BoBa: Boosting Backdoor Detection through Data Distribution Inference in Federated Learning
Ning Wang, Shanghao Shi, Yang Xiao, Yimin Chen, Y. Thomas Hou, Wenjing Lou
TL;DR
This work addresses the difficulty of detecting backdoor attacks in federated learning under non-IID data by introducing BoBa, a distribution-aware defense that first infers client data distributions from gradients (DDIG) and then performs overlapping clustering to enable robust, vote-based trust estimation. The method attaches to standard IID detectors, enabling improved performance against stealthy backdoors while preserving main-task accuracy, and it demonstrates dramatic reductions in attack success rate (ASR) across multiple datasets and attack strategies. Key innovations include DDIG for distribution inference, an NP-hard clustering formulation solved via an efficient greedy algorithm, and a fairness-oriented trust aggregation mechanism with accumulation and median-based mitigation. The results show BoBa substantially lowers ASR (often below 0.001) and improves resilience to adaptive attacks, highlighting its practical potential for secure federated learning under non-IID conditions.
Abstract
Federated learning, while being a promising approach for collaborative model training, is susceptible to poisoning attacks due to its decentralized nature. Backdoor attacks, in particular, have shown remarkable stealthiness, as they selectively compromise predictions for inputs containing triggers. Previous endeavors to detect and mitigate such attacks are based on the Independent and Identically Distributed (IID) data assumption where benign model updates exhibit high-level similarity in multiple feature spaces due to IID data.

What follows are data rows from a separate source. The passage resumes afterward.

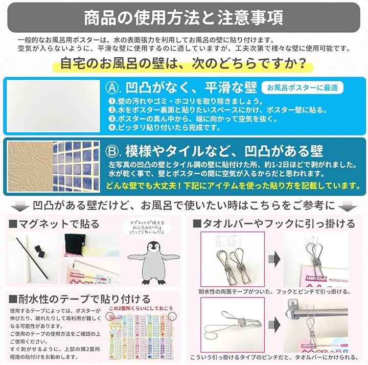 お風呂で使える、プチバイリンガル算数ポスター2枚セット。
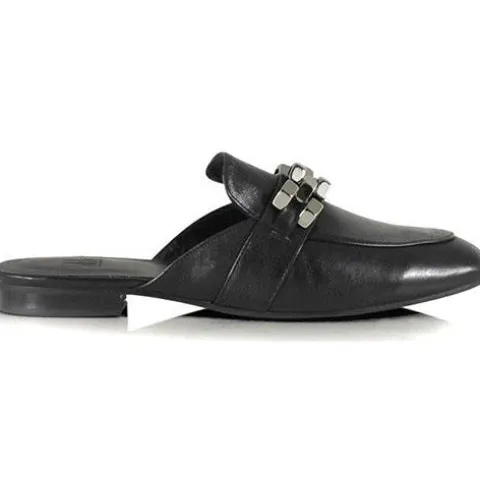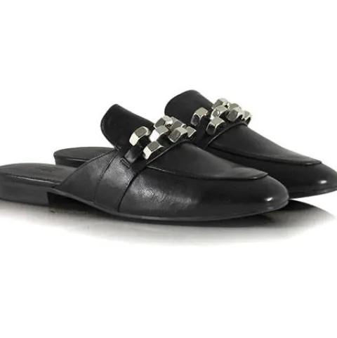 Sort slip-on fra Billi Bi i blødt skind med kædedetalje over forfod. Skindfoer og dæksål i skind.
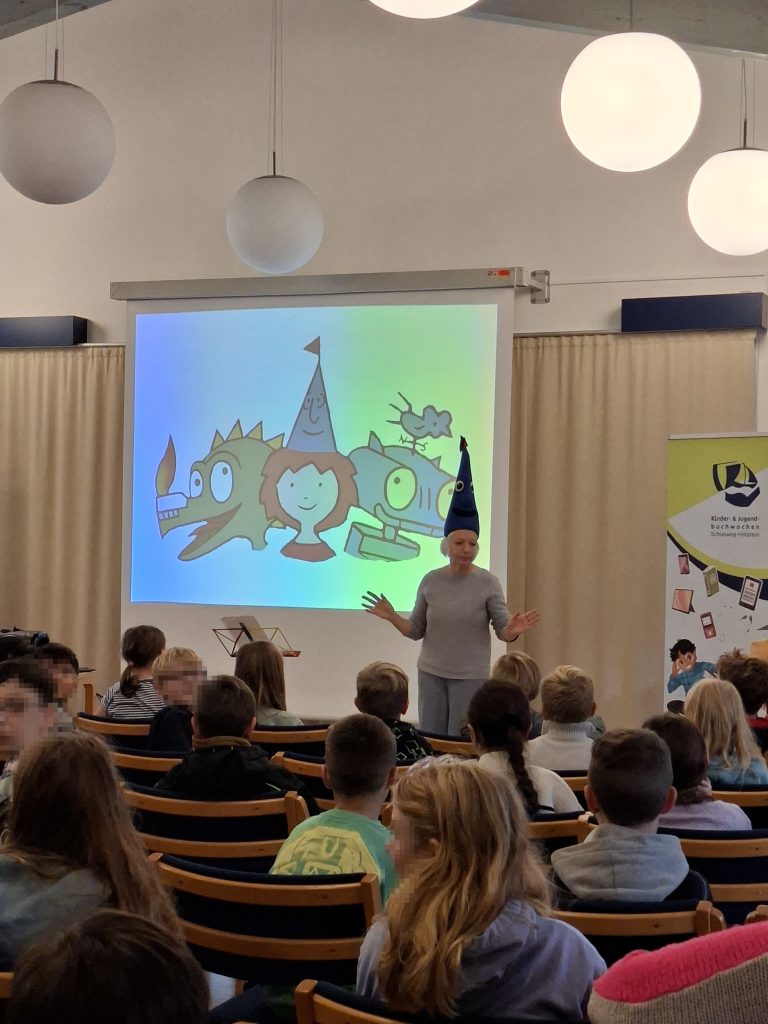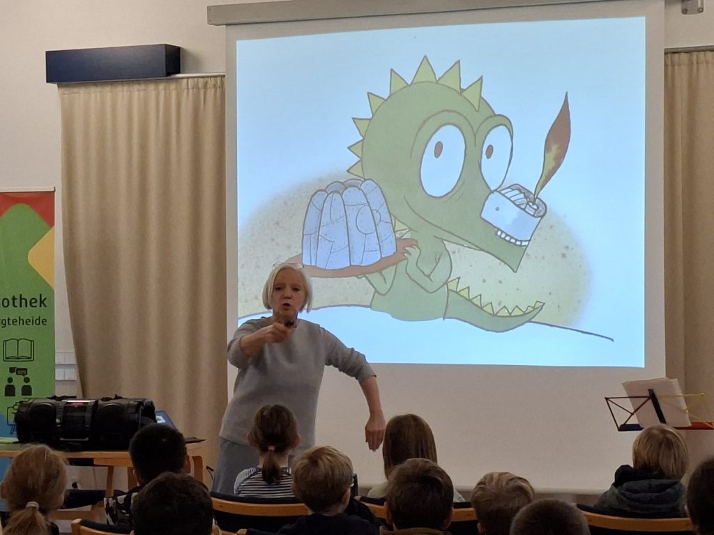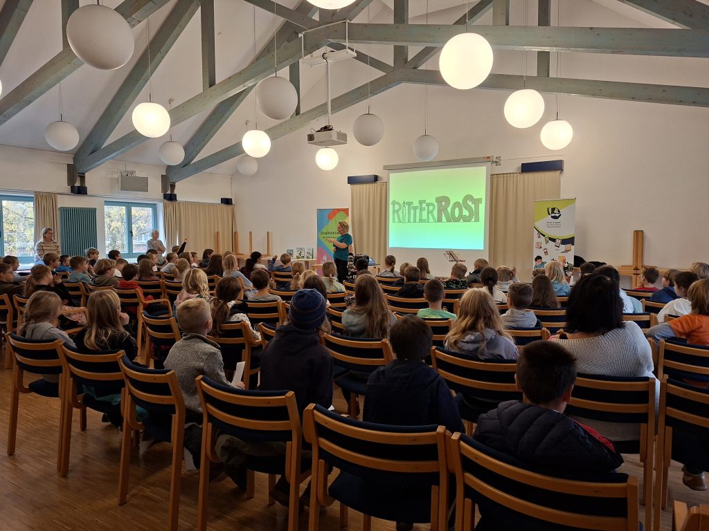 Im Rahmen der Kinder- und Jugendbuchwochen wurden die dritten Klassen von der Bargteheider Stadtbibliothek zu einem ganz besonderen Termin eingeladen: Patricia Prawit, selbst seit über 25 Jahren die Stimme des Burgfräulein Bö aus den Ritter-Rost-Musicals und -Hörspielen, präsentierte im Saal des Stadthauses die Geschichte: „Ritter Rost kommt zur Schule“. Frau Prawit sprach in ihrer Lesung jede Figur, sei es Ritter Rost oder Koks der Feuerdrache, mit einer eigenen Stimme, sang insgesamt sieben der elf Songs dieses Musicals und band dabei in den Refrains die Kinder mit ein. Das war ein herausragendes Erlebnis!! Vielen Dank an Frau Prawit für dies One-woman-Show und an die Bargteheider Stadtbibliothek!
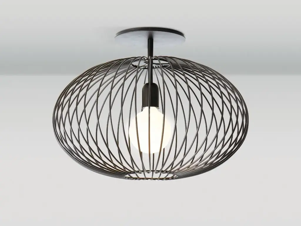 E27, max. 1x 53WFinishesC2 Black opaqueC7 IvoryTITI | Collection of table, ceiling and suspension lamps made of powder coated tubular steel. Ability to mount accessory lamp shade of white fabric.

Thus, outliers are detected as backdoor attacks. Nevertheless, non-IID data presents substantial challenges in backdoor attack detection, as the data variety introduces variance among benign models, making outlier detection-based mechanisms less effective. We propose a novel distribution-aware anomaly detection mechanism, BoBa, to address this problem. In order to differentiate outliers arising from data variety versus backdoor attack, we propose to break down the problem into two steps: clustering clients utilizing their data distribution followed by a voting-based detection. Based on the intuition that clustering and subsequent backdoor detection can drastically benefit from knowing client data distributions, we propose a novel data distribution inference mechanism. To improve detection robustness, we introduce an overlapping clustering method, where each client is associated with multiple clusters, ensuring that the trustworthiness of a model update is assessed collectively by multiple clusters rather than a single cluster. Through extensive evaluations, we demonstrate that BoBa can reduce the attack success rate to lower than 0.001 while maintaining high main task accuracy across various attack strategies and experimental settings.